The dangers of power saver mode in athletes: Relative Energy Deficiency in Sport (RED-S)

Imagine your body is a phone and your battery is low. With no charger in sight, you need to conserve energy, and switch to energy saver mode. You need to work as efficiently as possible, shutting down programs that aren’t crucial to survival.

This is what it is like to have RED-S.

Your body needs energy to carry out normal bodily functions. When you add in exercise, your body needs more energy. If this isn’t met with additional food, your body will try to survive by switching to energy saver mode. But energy saver mode is not as great as it may seem! This body response leads to a lower Resting Metabolic Rate (RMR). Over a long period of time, this takes a toll on numerous body systems.

An example of this is bone health. In a state of RED-s the ‘bone building’ process is down-regulated, with an increased ‘bone breakdown’ mechanism. This results in a decrease in bone mineral density and an increased risk of stress fractures.

Other impacts of RED-s include:

- Poor training adaptation, and reduced strength gain

-        Missed or irregular periods, or delayed onset of menstruation in females

-        Reduced testosterone

-        Reduced libido

-        Gut issues

-        Poor sleep quality

-        Impaired immunity and frequent illnesses

-        Low or irregular moods

Both men and women can experience RED-S and there are many reasons why it may occur. These reasons all relate to either a decrease in food intake, or an increase in the amount of energy expended by the body, such as:

-        Increase training load/ very high-volume training

-        Poor appetite

-        Financial stress

-        Lack of education

-        Poor time management

-        Fad dieting for perceived health benefits

-        Attempts to decrease body weight for perceived performance benefit

-        Disordered Eating  

Recovery from RED-S can see a return of strength and endurance, better energy levels, and improved immunity, mood, and sleep.

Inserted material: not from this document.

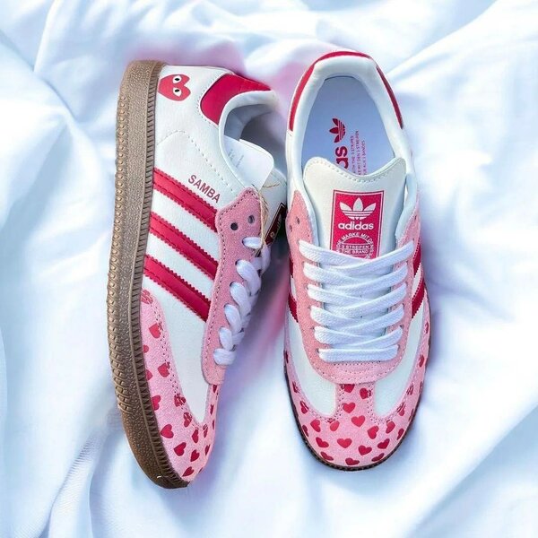 Craquez pour les baskets Adidas Samba en édition spéciale avec imprimé cœurs roses. Ces sneakers combinent style et confort avec leurs bandes classiques et une semelle robuste. Idéales pour apporter une touche d'amour à votre tenue quotidienne.

Management of RED-S is paramount to improving performance.

Individual assessment and nutrition planning is the key to success, as every case is different.

Communication and advocacy with sporting coaches and trainers, and challenging body composition ideals is also crucial for athletes to succeed. With a personalized plan, you can help avoid that red battery warning and get on with training for your goals.